• **YOUR TASK**
Without the pictures, retype exactly the lines from the top of the entries below through the line that contains "趣味探しを始めて、趣味探しアプリを開発するクラウドファンディングをしよう!と".

• **PROVIDED RECORDS**
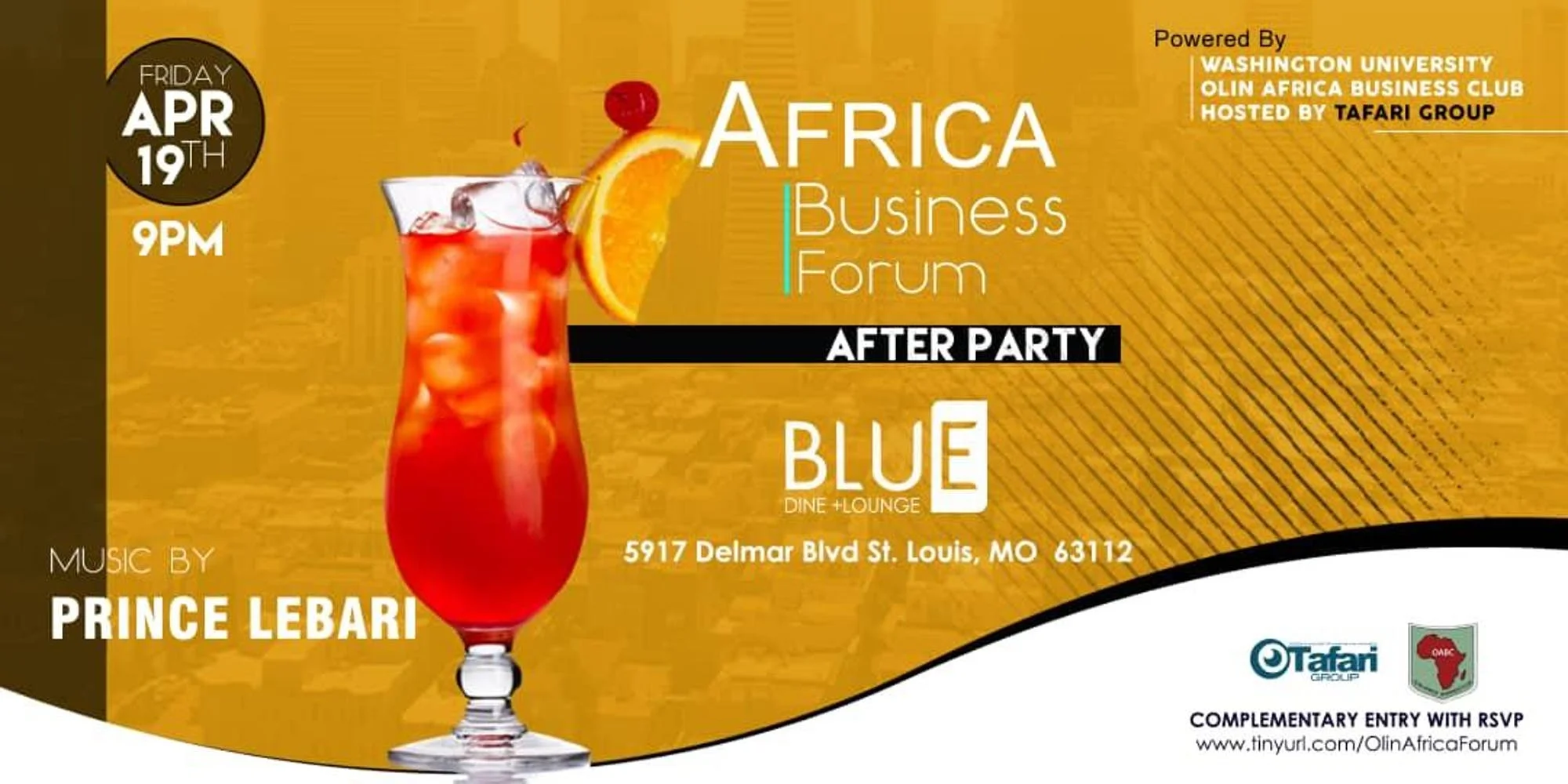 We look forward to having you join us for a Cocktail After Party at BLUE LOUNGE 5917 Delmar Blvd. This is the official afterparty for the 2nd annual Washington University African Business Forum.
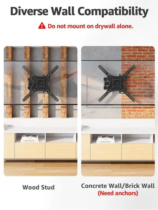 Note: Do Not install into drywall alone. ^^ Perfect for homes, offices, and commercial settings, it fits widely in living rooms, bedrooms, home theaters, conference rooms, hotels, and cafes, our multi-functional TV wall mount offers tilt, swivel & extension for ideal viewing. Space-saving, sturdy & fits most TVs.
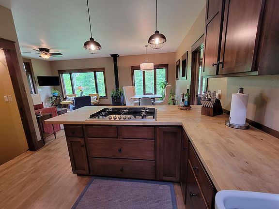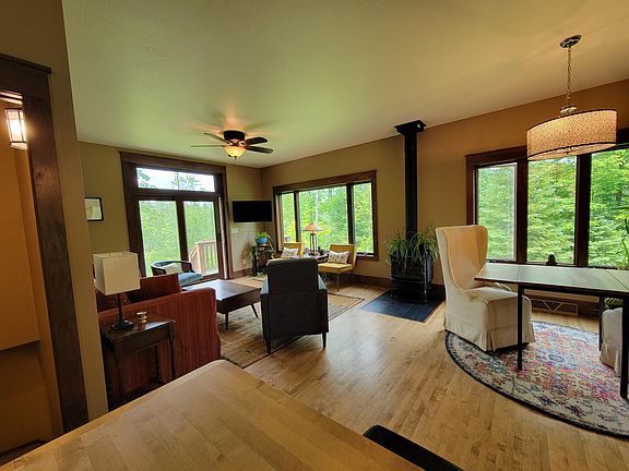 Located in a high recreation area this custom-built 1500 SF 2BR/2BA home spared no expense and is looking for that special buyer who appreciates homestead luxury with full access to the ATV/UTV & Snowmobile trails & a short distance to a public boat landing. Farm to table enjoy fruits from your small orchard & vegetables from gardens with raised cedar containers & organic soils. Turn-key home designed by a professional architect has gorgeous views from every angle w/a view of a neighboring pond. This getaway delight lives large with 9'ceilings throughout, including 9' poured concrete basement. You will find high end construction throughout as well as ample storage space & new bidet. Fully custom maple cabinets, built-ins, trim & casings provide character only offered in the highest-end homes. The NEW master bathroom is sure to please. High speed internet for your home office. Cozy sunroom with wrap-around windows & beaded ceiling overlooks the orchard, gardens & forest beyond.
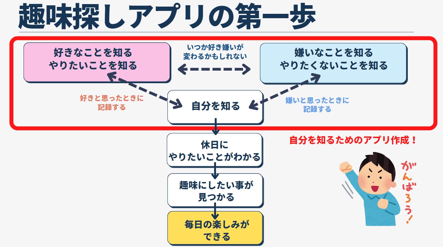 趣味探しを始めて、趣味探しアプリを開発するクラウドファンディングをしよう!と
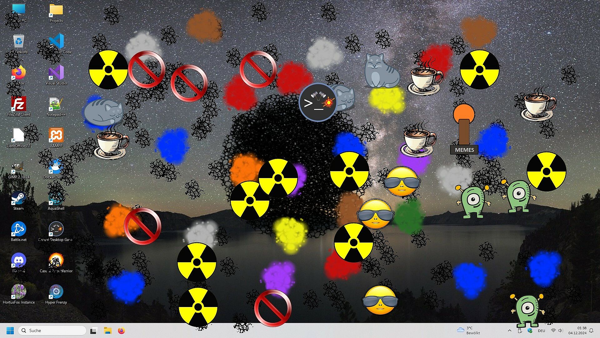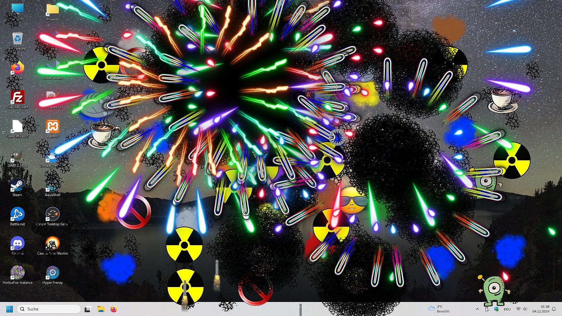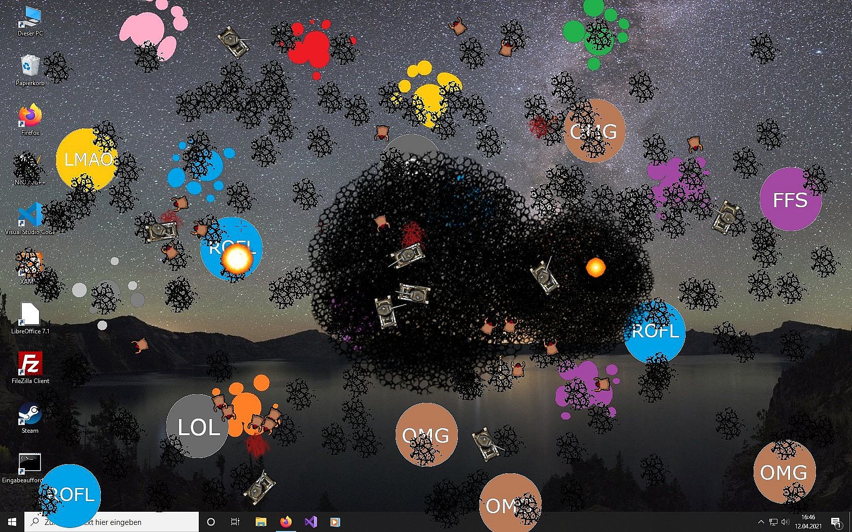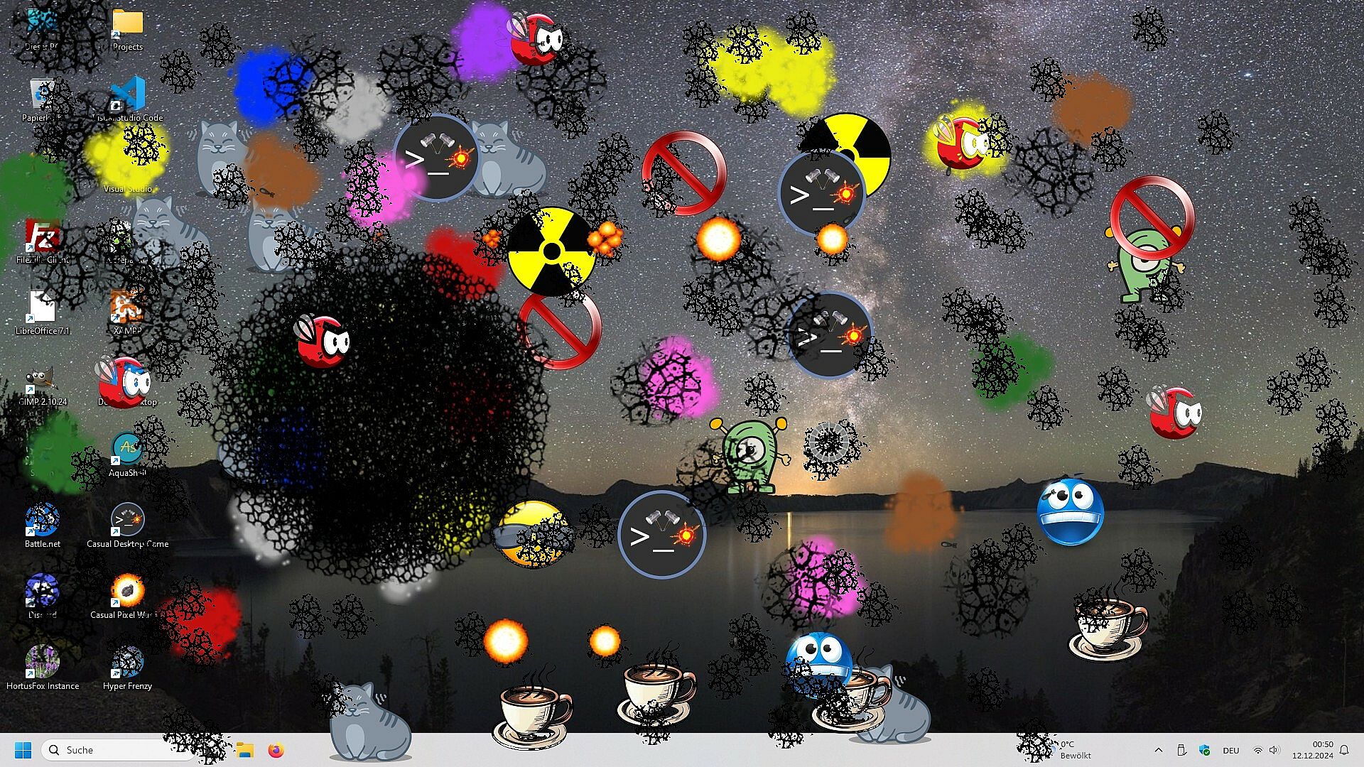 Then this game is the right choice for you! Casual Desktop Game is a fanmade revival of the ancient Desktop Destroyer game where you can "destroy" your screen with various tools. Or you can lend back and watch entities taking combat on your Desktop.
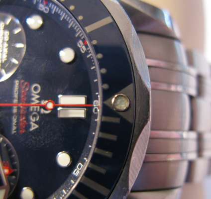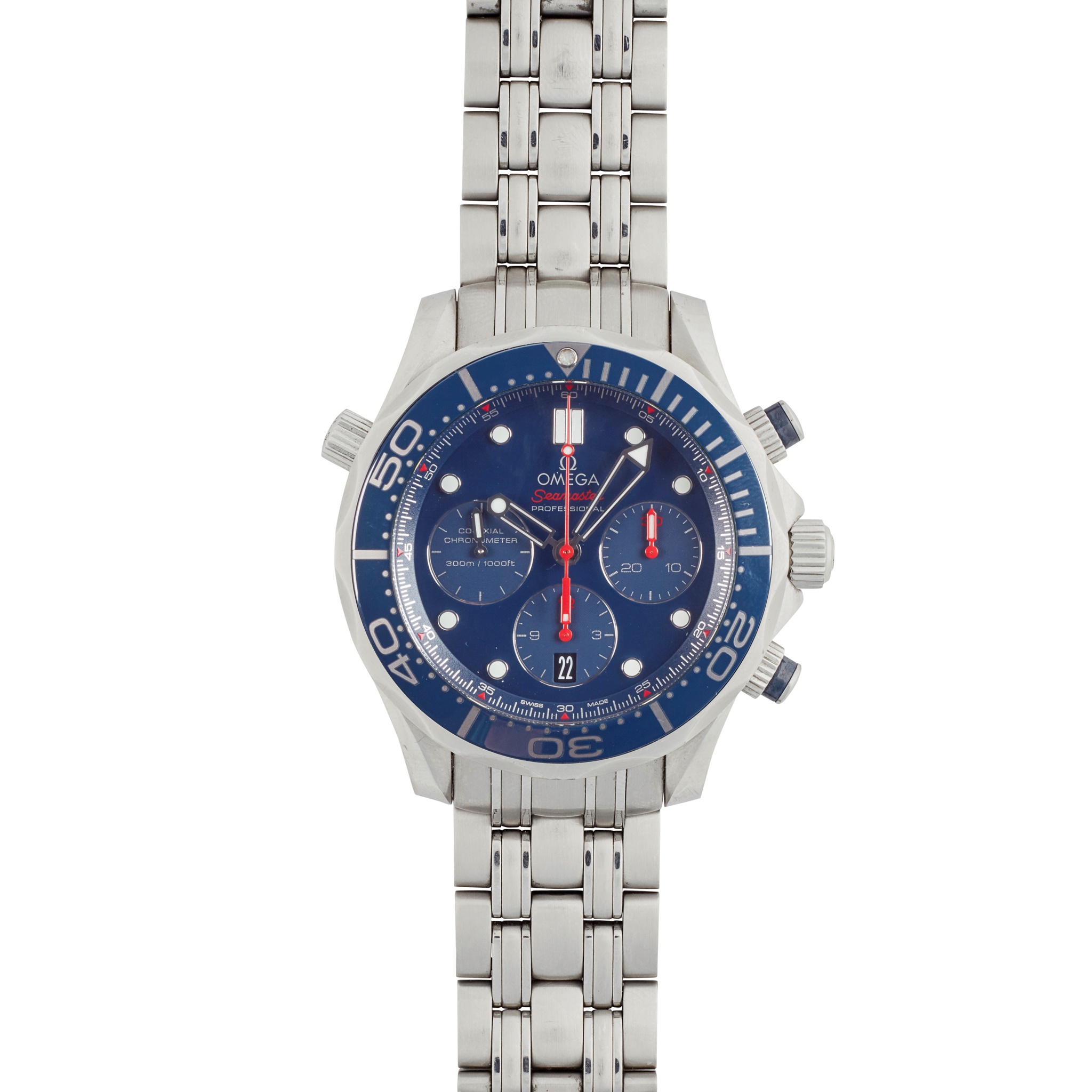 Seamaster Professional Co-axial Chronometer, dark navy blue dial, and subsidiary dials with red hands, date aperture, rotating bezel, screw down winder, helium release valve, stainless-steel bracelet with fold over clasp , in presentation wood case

• **EXERCISE RESPONSE**
 We look forward to having you join us for a Cocktail After Party at BLUE LOUNGE 5917 Delmar Blvd. This is the official afterparty for the 2nd annual Washington University African Business Forum.
 Note: Do Not install into drywall alone. ^^ Perfect for homes, offices, and commercial settings, it fits widely in living rooms, bedrooms, home theaters, conference rooms, hotels, and cafes, our multi-functional TV wall mount offers tilt, swivel & extension for ideal viewing. Space-saving, sturdy & fits most TVs.
 Located in a high recreation area this custom-built 1500 SF 2BR/2BA home spared no expense and is looking for that special buyer who appreciates homestead luxury with full access to the ATV/UTV & Snowmobile trails & a short distance to a public boat landing. Farm to table enjoy fruits from your small orchard & vegetables from gardens with raised cedar containers & organic soils. Turn-key home designed by a professional architect has gorgeous views from every angle w/a view of a neighboring pond. This getaway delight lives large with 9'ceilings throughout, including 9' poured concrete basement. You will find high end construction throughout as well as ample storage space & new bidet. Fully custom maple cabinets, built-ins, trim & casings provide character only offered in the highest-end homes. The NEW master bathroom is sure to please. High speed internet for your home office. Cozy sunroom with wrap-around windows & beaded ceiling overlooks the orchard, gardens & forest beyond.
 趣味探しを始めて、趣味探しアプリを開発するクラウドファンディングをしよう!と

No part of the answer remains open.